O filme está sendo exibido em cine-debates espalhados pelo Brasil e chega aos cinemas no dia 30 de março, graças a uma campanha de crowdfunding no Catarse. A produção, que esclarece a ligação entre o novo Código e a crise hídrica brasileira, é uma parceria do Instituto Socioambiental (ISA), WWF-Brasil, Fundação SOS Mata Atlântica, Associação Bem-Te-Vi Diversidade e Instituto Democracia e Sustentabilidade (IDS).
Produzido ao longo de 16 meses, a obra baseia-se em pesquisas e 37 entrevistas entre agricultores e especialistas no tema. Conta ainda com a colaboração de cientistas e parlamentares que apoiam a Ação Direta de Inconstitucionalidade do novo Código Florestal no Supremo Tribunal Federal.
"A crise hídrica estava prevista há muito tempo"
Diretor premiado de filmes como Cidade de Deus, Ensaio sobre a cegueira e até de longa-metragem internacional como O jardineiro fiel, Fernando Meirelles já foi inclusive indicado ao Oscar de melhor diretor, em 2004. Assinando a produção executiva do documentário A lei da água, Meirelles falou com exclusividade para o jornal Cruzeiro do Sul, e comentou os bastidores do filme e a importância de discutir o assunto.
- O documentário foi feito antes da atual crise hídrica. Já estavam prevendo algo?
Essa crise hídrica está prevista há muito tempo. Mas o foco principal do documentário, que começou a ser produzido em 2013, nem era a crise. Era sobre o Código Florestal. A medida que o André (diretor) começou a entrar no assunto, foi descobrindo que o grande ponto era a água.

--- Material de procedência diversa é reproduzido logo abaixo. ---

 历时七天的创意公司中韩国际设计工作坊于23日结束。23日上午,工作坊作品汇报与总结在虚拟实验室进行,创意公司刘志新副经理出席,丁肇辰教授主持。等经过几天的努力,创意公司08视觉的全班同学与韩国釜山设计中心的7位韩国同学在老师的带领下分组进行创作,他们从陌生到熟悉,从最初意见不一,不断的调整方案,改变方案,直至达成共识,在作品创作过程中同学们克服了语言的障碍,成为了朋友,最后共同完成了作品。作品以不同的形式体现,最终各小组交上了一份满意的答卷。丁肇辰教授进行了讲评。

- Como foi trabalhada a divulgação do filme?
No contrato desse filme ninguém tem lucro. Todo dinheiro que o documentário eventualmente vier a gerar, é para divulgar o próprio filme. Como também não foi beneficiado por nenhuma lei de incentivo, existe duas pessoas responsáveis para correr atrás do financiamento coletivo. Dessa forma, qualquer pessoa pode entrar no site do filme e pedir um cine-debate. Já temos 250. Isso é muito legal porque leva o filme para aquele público interessado no tema específico. Além disso, a gente resolveu colocar em algumas salas de cinemas. Como é um filme muito específico, os donos do cinema pediram garantia de público. Então a gente colocou o ingresso à venda no Catarse, e cada vez que fecha uma sessão, a gente exibe. Temos 11 sessões fechadas.
- Você é reconhecido internacionalmente como um grande diretor. Como é fazer a parte burocrática de produtor executivo?
O diretor é o cara que constrói toda a estrutura. O produtor viabiliza. Sem produtor não há filme. Eu nem faço muito a burocracia, tem uma equipe na produtora responsável por isso. Mas eu que recebo os convites, procuro diretor, ajudo a procurar dinheiro, ajudo a estruturar a filmagem para que aquele dinheiro dê certo. Gosto muito também, principalmente porque estou muito envolvido com o tema. Mas eu prefiro dirigir, muito mais, sem dúvida.